▶ **WHAT THE TASK REQUIRES**: Write out the line with "フロントの可愛いお顔の回りにサテンリボンが施されたトレーナー。" and every later line through the end of the data below, exactly as given, with no pictures in the copy.

▶ **DATA EXCERPT**:
BEGIN

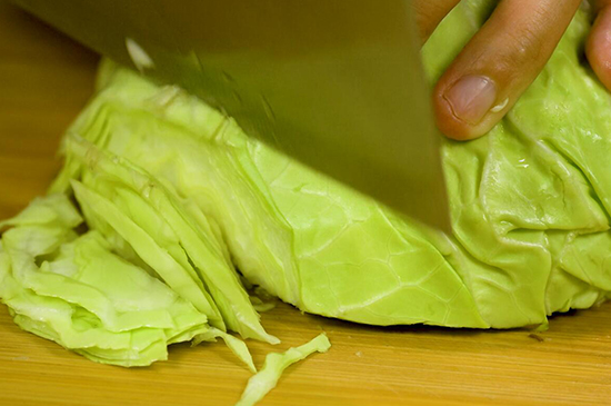 准备食材:卷心菜、猪肉、植物油、食盐、蒜瓣、干辣椒、生抽。
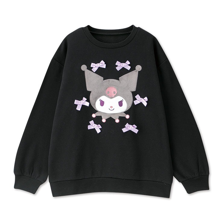 フロントの可愛いお顔の回りにサテンリボンが施されたトレーナー。
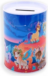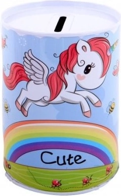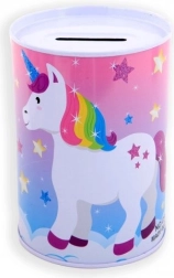 De metalen spaarpot met eenhoornmotief is niet alleen een praktische hulp bij het sparen, maar ook een prachtige decoratieve toevoeging aan de kinderkamer. De kleurrijke illustraties van eenhoorns, regenbogen en sterren zullen elk kind blij maken.
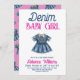 Invitación Boho Pink Denim Girl Blue Jean Baby Shower

END

▶ **EXERCISE RESULT**:
 フロントの可愛いお顔の回りにサテンリボンが施されたトレーナー。
 De metalen spaarpot met eenhoornmotief is niet alleen een praktische hulp bij het sparen, maar ook een prachtige decoratieve toevoeging aan de kinderkamer. De kleurrijke illustraties van eenhoorns, regenbogen en sterren zullen elk kind blij maken.
 Invitación Boho Pink Denim Girl Blue Jean Baby Shower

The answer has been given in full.